Dass Steinmeier eine schnelle Lösung anstrebt, hat noch andere Gründe. »Die Spannung in der Ukraine hält unvermindert an, die Stimmung ist hochnervös, und Gerüchte machen stündlich und täglich die Runde«, sagt er. »Das macht das Risiko umso größer, dass in dieser Situation jemand die Nerven verliert und aus dem politischen Konflikt auch neues Blutvergießen folgt.« Zwar habe Lawrow Steinmeier versichert, dass es keinen russischen Eingriff in die territoriale Integrität der Ukraine geben solle.
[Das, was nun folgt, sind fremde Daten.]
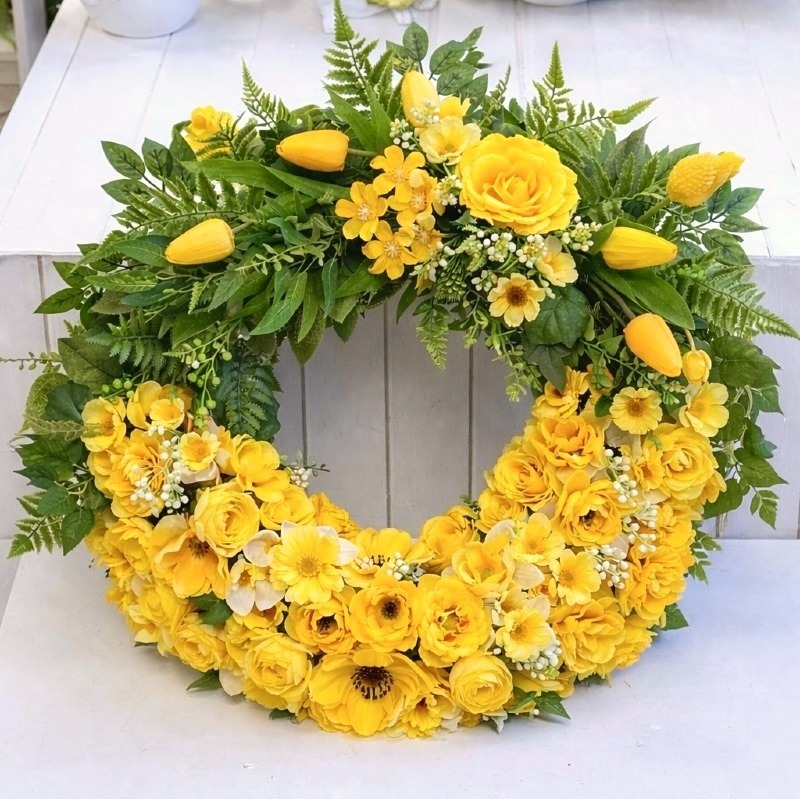 Wieniec wianek „Verona” – kompozycja kwiatowa premium 50cm żółta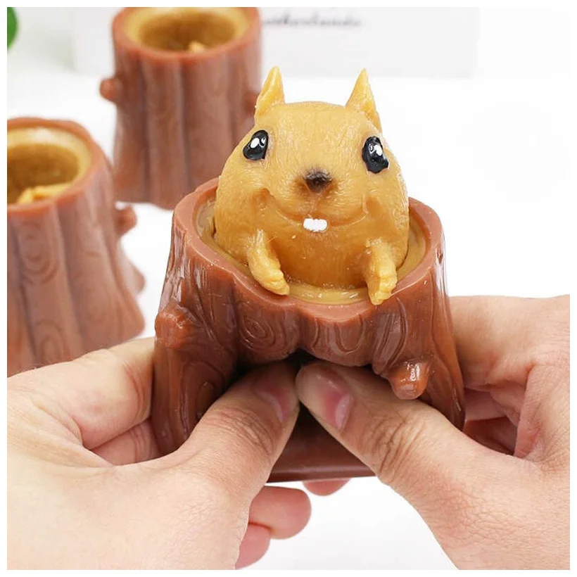 Ви напружені? Бажаєте розслабитися? Тоді добре здавіть іграшку-антистрес "Білку" і вона відразу вистрибне з пня. Ви не повірите, у цей момент, ваше напруження "як рукою зніме". Матеріал силікон, розмір пенька 6х6 см.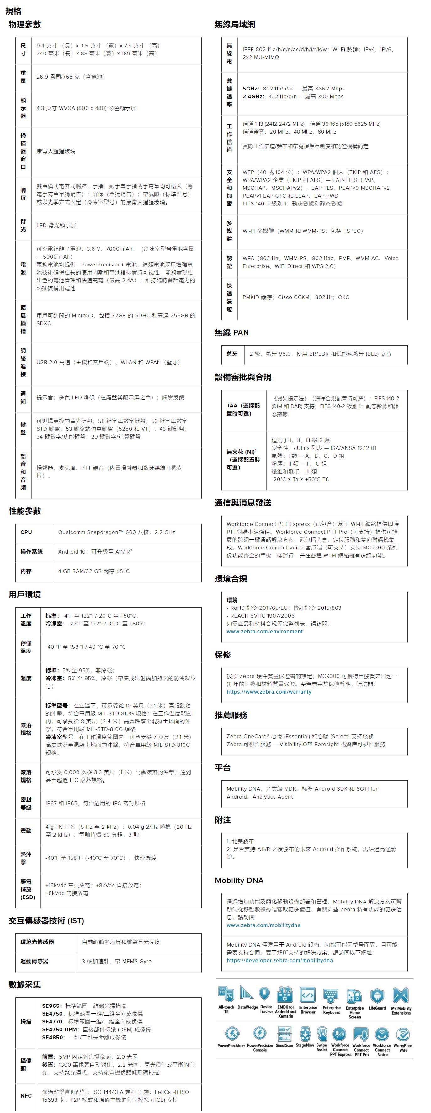 每天,有三百多萬工作人員使用 MC9000 系列移動資料終端簡化全球倉庫和製造工廠的流程。現在您每天都需要以前所未有的速度處理更多的訂單,發運更多的貨物。引進移動資料終端,一切問題迎刃而解,MC9300 是全球熱銷且值得信賴的企業移動資料終端的又一次革新。該產品使用工作人員已經熟悉的 Android 作業系統,高級觸控大屏等配置,可為工作人員提供極簡體驗。其一流的處理能力和記憶體足以應對您所有的應用程式。新的資料獲取功能包括可選的前後攝像頭、出色的掃描範圍以及卓越的直接部件標識 (DPM) 採集。新電池單次充電後的續航時間是 MC9200 的兩倍。該產品是有史以來最耐用的 MC9000 系列產品,其持久性在各種環境(包括冷凍環境)下均超越了幾乎所有同類設備。新型 Mobility DNA 解決方案可確保設備、作業系統的安全,簡化電池管理,同時可實現更勝以往的可靠無線連接。既然可以開箱即用方式運行您現有的 TE 應用,那遷移到 Android 再簡單不過了。

Doch dies werde derzeit weder signalisiert noch dokumentiert, moniert Steinmeier am Morgen.

Beim Mittagessen mit dem Vorsitzenden der Organisation für Sicherheit und Zusammenarbeit in Europa (OSZE), dem Schweizer Bundespräsidenten Didier Burkhalter, wird die Rolle der OSZE in einem möglichen politischen Prozess besprochen. Herzlich und sehr konkret sei das Gespräch gewesen, heißt es danach aus Delegationskreisen.

Tatsächlich spricht vieles dafür, dass die OSZE eine zentrale Rolle bei den diplomatischen Bemühungen in der Ukraine spielen kann. Die Organisation ist vergleichsweise klein und flexibel, sie gilt als unbelastet und als ehrlicher Makler – auch wegen ihrer seit Jahren gesunkenen Bedeutung wirft keine Seite ihr Parteilichkeit vor. Die 1975 auf dem Höhepunkt des Kalten Kriegs in Helsinki gegründete OSZE hat zudem eine lange Tradition der Vermittlung zwischen Ost und West, um die es im Kern geht. Ihr gehören alle Staaten Europas außer Kosovo an, die Staaten der ehemaligen Sowjetunion, dazu die USA, Kanada und die Mongolei. Welche dieser Staaten in einer Kontaktgruppe vertreten sein könnten, dürfte eine der Fragen sein, über die Diplomaten in den verbleibenden Stunden bis zum Europäischen Rat verhandeln müssen. Gelegenheit haben sie dazu am Mittwoch in Paris, wo viele Minister zu einer Libanon-Konferenz zusammenkommen.